The Russia men's national water polo team is the representative for Russia in international men's water polo. The team is a successor of the Soviet water polo team.

History

In the Russian Empire
Water polo in Russia dates back to 1910, when the sport was included into the national water sports programme. The Shuvalov school was opened back then, featuring rules that differed from the international rules. In 1913, the first water polo tournament was played between the Shuvalov school and Moscow, with the first winning 3–2. The new sport progressed in Russia, as all swimming organizations included this sport into their programme. P. Erofeev and A. Shemansky further populized water polo by publishing brochures with rules and hints.

In the Soviet Union
As previously, water polo was predominant in Moscow and Leningrad (formerly known as St. Petersburg). However, this changed when the water polo teams of the Black Sea Fleet, Baltic Fleet and Caspian Flotilla further spread water polo in Russia. In the early history, water polo was popular especially among sailors. The strongest teams were Delfin of Leningrad and the Moscow Life Saving Society and the Yacht-Club. Following the resolution by the organizing bureau of the Central Committee of the Communist Party of the Soviet Union in 1925, physical culture has been greatly propagated in Russia, stimulating water polo as well.

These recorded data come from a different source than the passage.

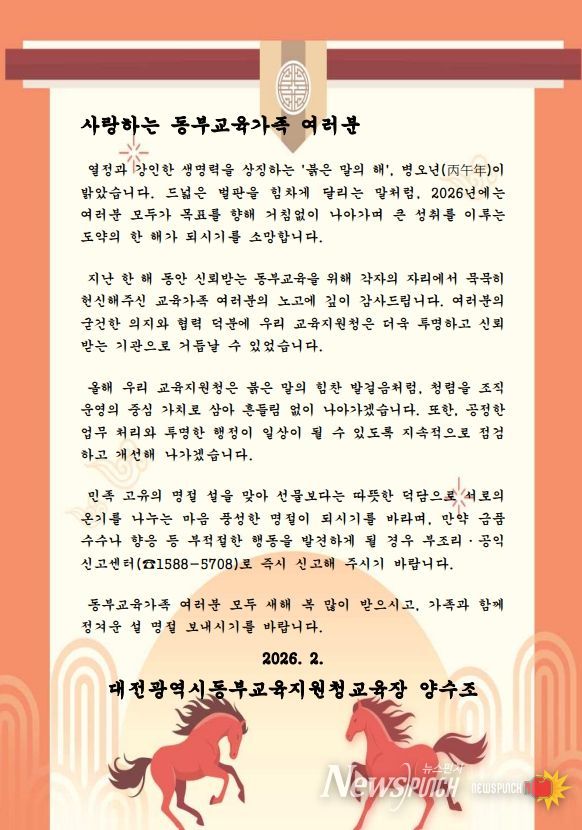 뉴스펀치 이현승 기자 | 대전동·서부교육지원청은 설 명절을 맞이하여 청렴 실천의지를 담은 교육장 서한문을 관내 유·초·중학교 및 교육지원청 교직원들에게 발송했다고 밝혔다.
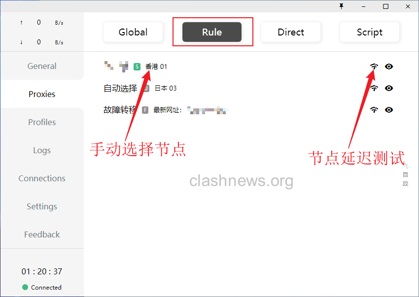 你也可以选择用【规则模式】下的【手动选择】,如下图所示,我们选择了【香港01】作为我们的代理节点:
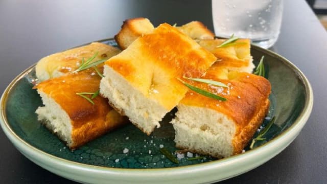 Focaccia, alecrim, meia burrata, pesto pistachio e azeite
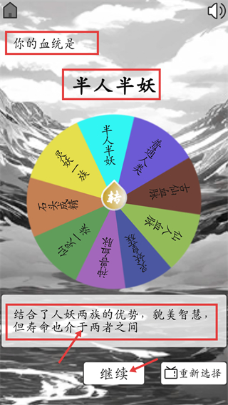4、抽到【半人半妖】血统后,利用其人妖两族的优势发展,点击【继续】推进后续角色养成流程。
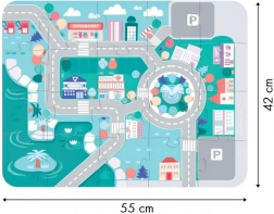 Deze set is geschilderd met ecologische verven, veilig voor kinderen. De puzzelbasis met stadsweg stelt je in staat een complex speelterrein te creëren dat creatieve en interactieve spellen ondersteunt.
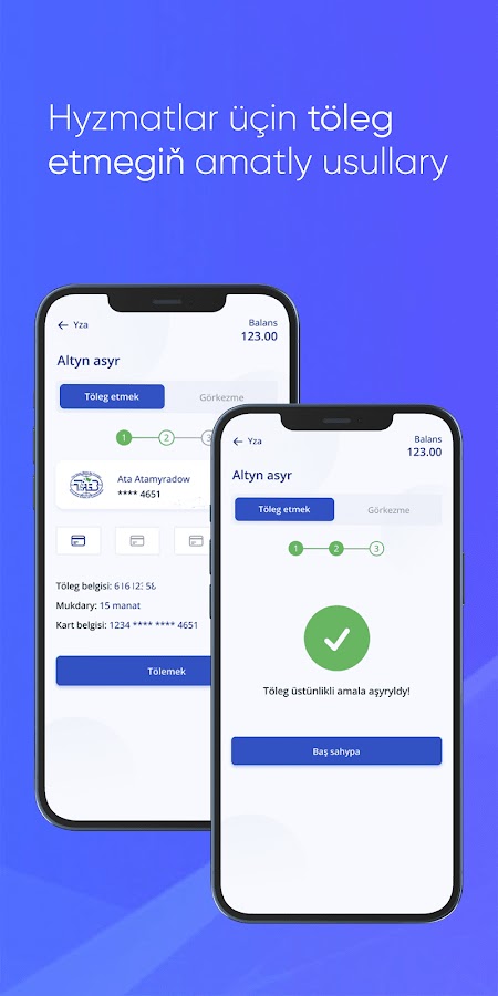 Hyzmatlar üçin tölegleri we hasaby doldyrmak häzirki wagtda «Altyn asyr» we Türkmenistanyň Döwlet daşary ykdysady iş bankynyň «Milli Visa» karty arkaly plastik kartlary arkaly onlaýn ýerine ýetirilip biliner.
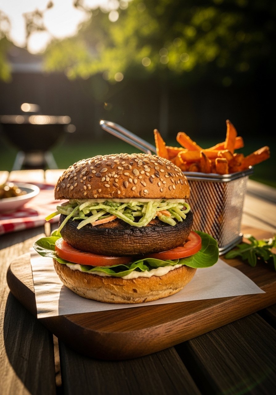 Satisfying vegetarian burger using meaty portobello caps and a tangy tahini slaw. Low-calorie yet filling, with satisfying textures.
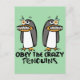 Obedeça aos pinguins loucos! - Dois pinguins de desenho animado engraçados com uma frase boba / citação com um fundo verde.
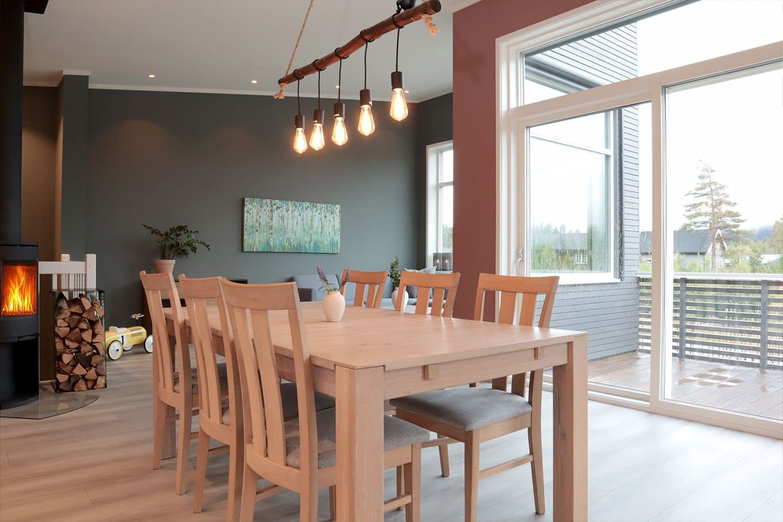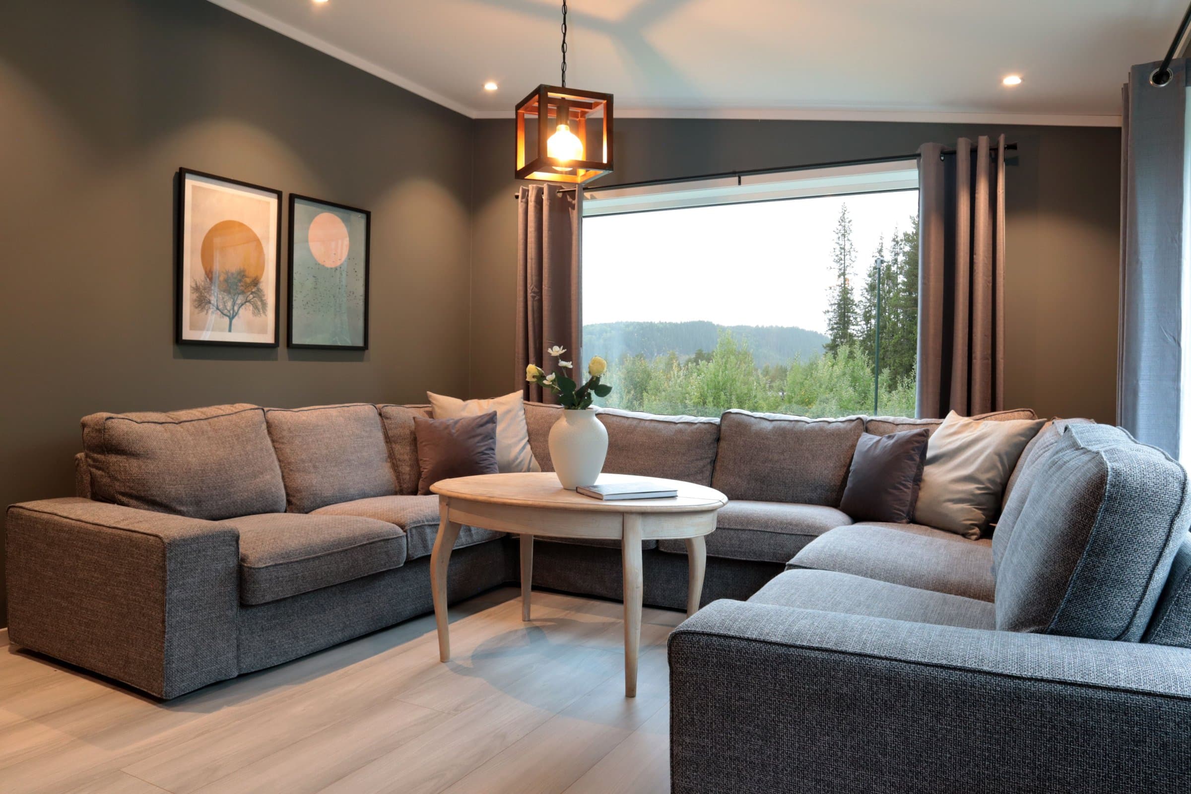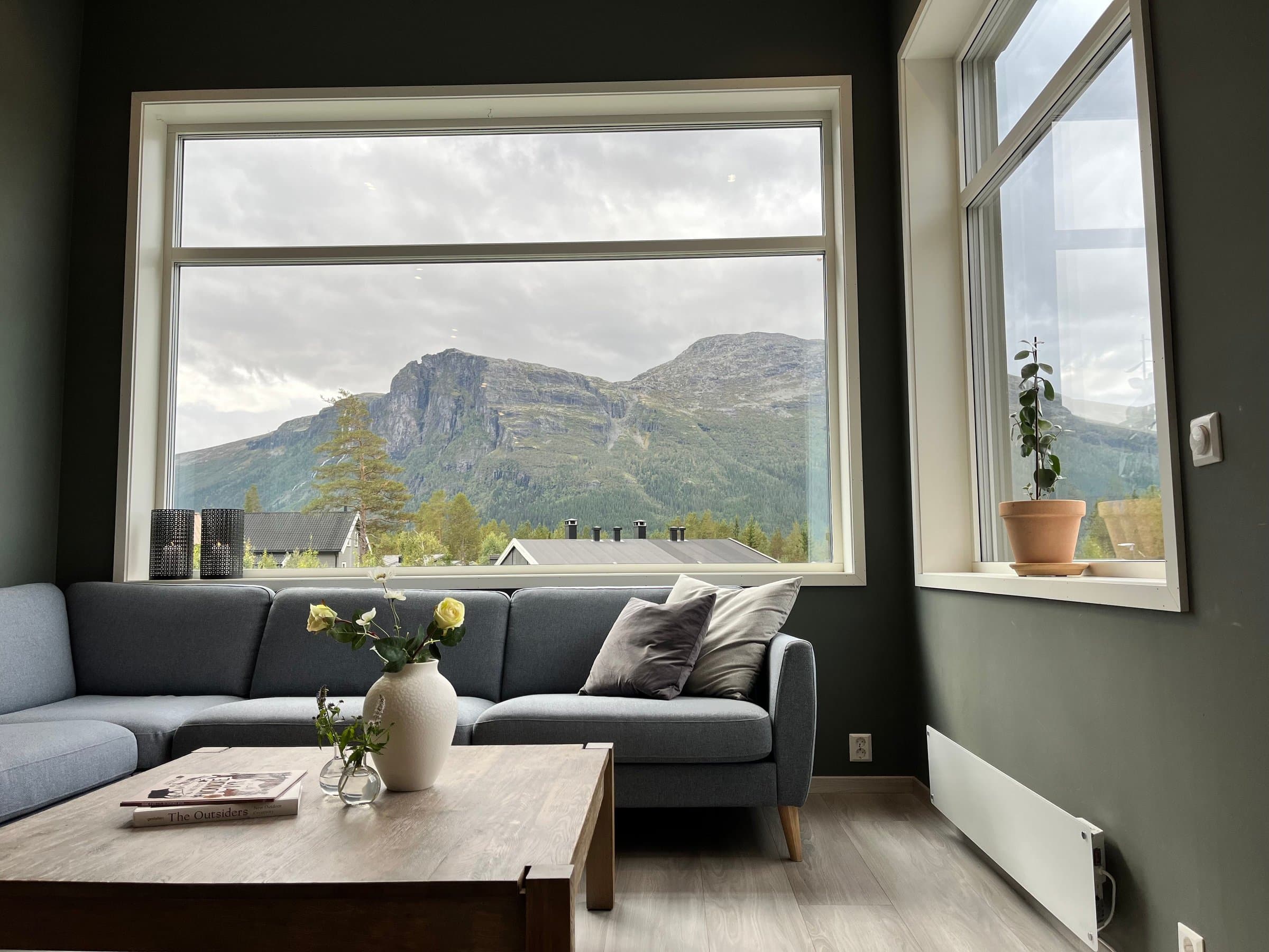 NY PRIS! Påkostet halvpart av tomannsbolig med fantastisk utsikt, gode solforhold, hage mot friareal/skiløype, 4 soverom

The first championship took place in 1925. Apart from the teams of Leningrad, Moscow and Kiev, the tournament featured teams from the Caucasus, Crimea, Ural, as well as the aforementioned fleet teams. Three years later, water polo was included in the All-Union Spartakiade (sports festival). The team of Leningrad dominated in Russian water polo until 1933, as the city had winter water pools and so had more training opportunities. In 1946, the USSR Water Polo Cup was introduced. One year later, the Soviet Union was selected into the FINA. The national water polo then debuted at the 1952 Winter Olympics in Helsinki.

Results

Olympic Games

1996 – 5th place
2000 –  Silver medal
2004 –  Bronze medal

World Championship

1994 –  Bronze medal
1998 – 6th place
2001 –  Bronze medal
2003 – 10th place
2005 – 7th place
2007 – 7th place
2015 – 14th place
2017 – 8th place
2022 – Disqualified

World Cup

 1993 – 5th place
 1995 –  Bronze medal
 1997 – 4th place
 1999 – 4th place
 2002 –  Gold medal
 2006 – 8th place

World League

 2002 –  Gold medal
 2005 – 6th place
 2006 – 14th place
 2007 – 13th place
 2008 – 13th place
 2009 – 15th place
 2010 – 13th place
 2011 – 14th place
 2012 – Preliminary round
 2013 – 5th place
 2014 – Preliminary round
 2015 – Preliminary round
 2016 – Preliminary round
 2017 – 5th place
 2018 – Preliminary round
 2019 – Preliminary round

European Championship

1993 – 6th place
1995 – 6th place
1997 –  Bronze medal
1999 – 5th place
2001 – 5th place
2003 – 4th place
2006 – 9th place
2008 – 10th place
2010 – 11th place
2014 – 11th place
2016 – 8th place
2018 – 7th place
2020 – 8th place
2022 – Disqualified

Current squad
Roster for the 2020 Men's European Water Polo Championship.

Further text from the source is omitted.